The temple was built in 1725 by Kalavai Chetty, a 'dubash' working for the British East India Company, on a land belonging to him. Chetty was a devotee of Lord Shiva at the namesake temple at Kanchipuram, who used to visit it regularly. When torrential rains prevented him from commuting between Kanchipuram and Chennai, he and his wife Sundariammal decided to build a new temple to the same deity at Chennai and constructed the temple and consecrated within a period of three years by 1728. The street on which the temple stands was originally came to be known as "Katchala Pagoda Street", after the "Great Kachali Pagoda" as the temple was known then. A huge retinue of dancing girls were attached to the temple in the earlier days. These dancing girls resided in a quarter adjoining the temple since about 1700.

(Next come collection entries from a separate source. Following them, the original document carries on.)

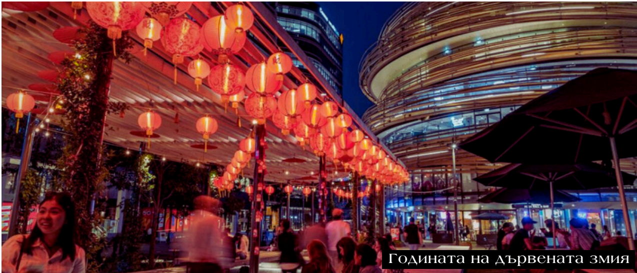
Годината на дървената змия

Българската културна и обществена асоциация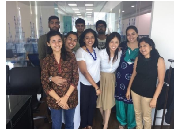
インド・NGOでのインターンシップ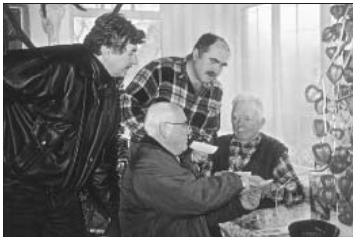
U Černajovcov zaujali komisiu písomné a fotografické dokumenty z histórie obce, ako aj pracovné predmety žien a furmanov.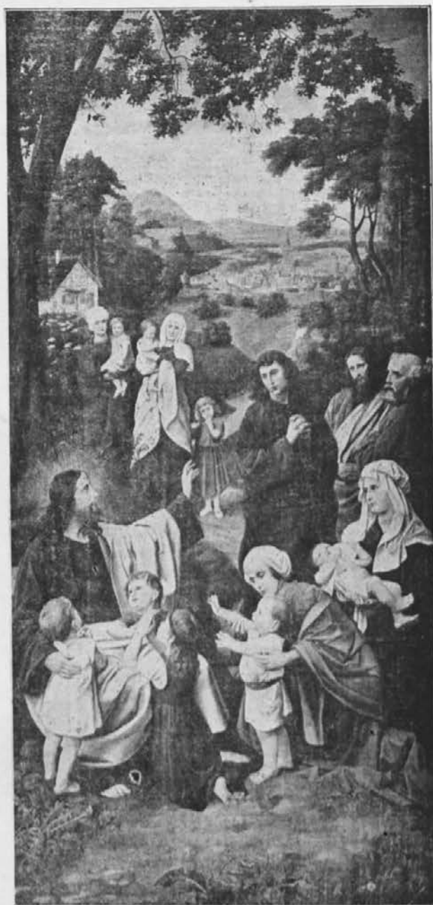
Prijatelj otrok. —

Kako plemenit, kako duhovit je bil obraz priprostega ribiča iz Galileje! Natančno je razložil Samuel njegove besede: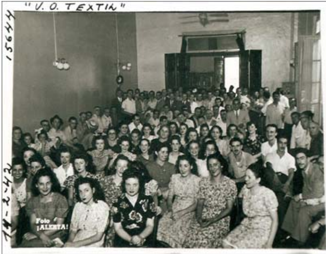
Foto 5: "Unión Obrera Textil, 14-02-1942"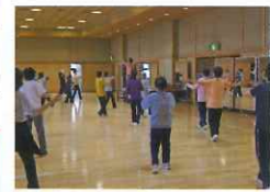
エアロビクス (午後)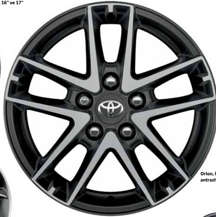
Orion, işlenmiş antrazit 16"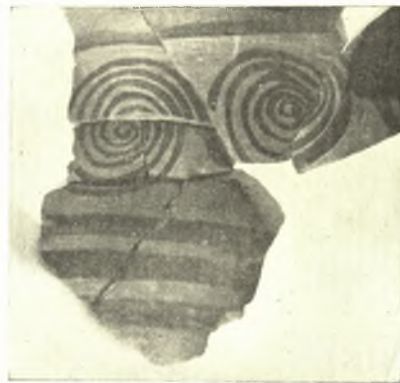
Εἰκ. 14. Μυκηναϊκὰ ὄστρακα ἐκ Νάξου.

Ἡ παρὰ τὴν θάλασσαν ὑπαρξὶς αὐτοῦ καὶ οὐχὶ ἢ ἐπὶ τῆς Ἀκροπόλεως βεβαίως δὲν ἐκπλήσσει. Ὁ συνοικισμὸς τῆς Φυλακωπῆς εἶναι παρὰ τὴν θάλασσαν ἐπίσης, καθὼς καὶ οἱ πλεῖστοι τῶν κυκλαδικῶν συνοικισμῶν, κυρίως δὲ θὰ ἠθέλον νὰ ἐξάρῳ τὴν ἀνάλογον ὑπαρξὶν τοῦ προϊστορικοῦ συνοικισμοῦ παρὰ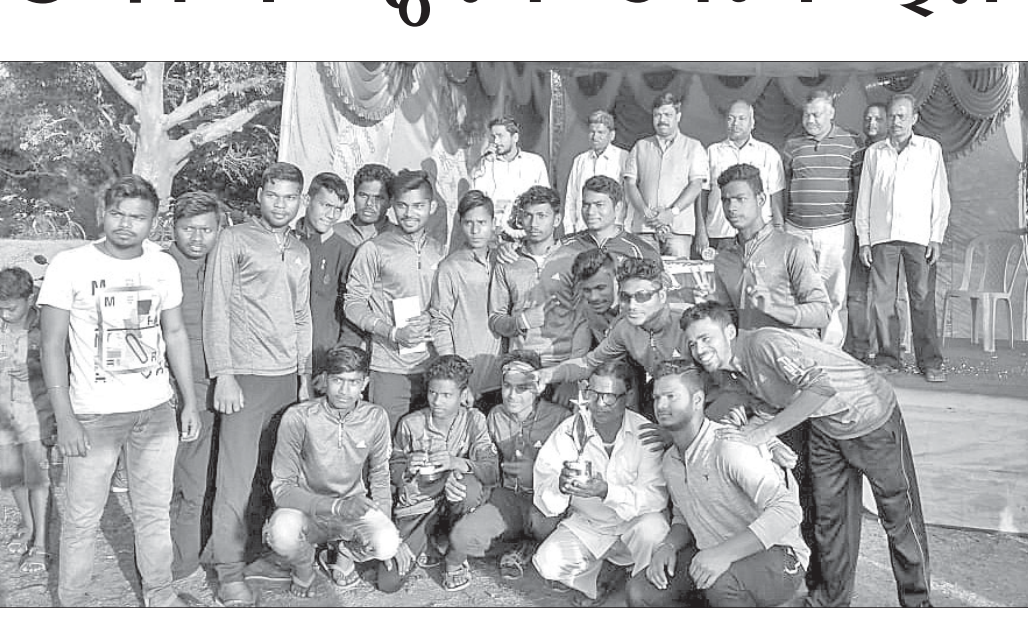
ଡ୍ରିମ୍ ସହ ଅତିଥିକ ଗହଣରେ ଚାମ୍ପିୟନ ବଳ ।

The temple happened to be the cause of one of "Black Town's" first caste disputes as it belonged to the Left-Hand Caste. With the government's intervention, a new approach to the temple was built without encroaching on Right-Hand Caste property.

A plaque in the temple records the year of the first kumbhaabishekam (consecration) as 1728. Post-Independence, a mahaa-kumbhaabishekam (great consecration) was held on 8 July 1962. A major renovation of the temple began on 20 February 1984 and another great consecration was held on 9 July 1989.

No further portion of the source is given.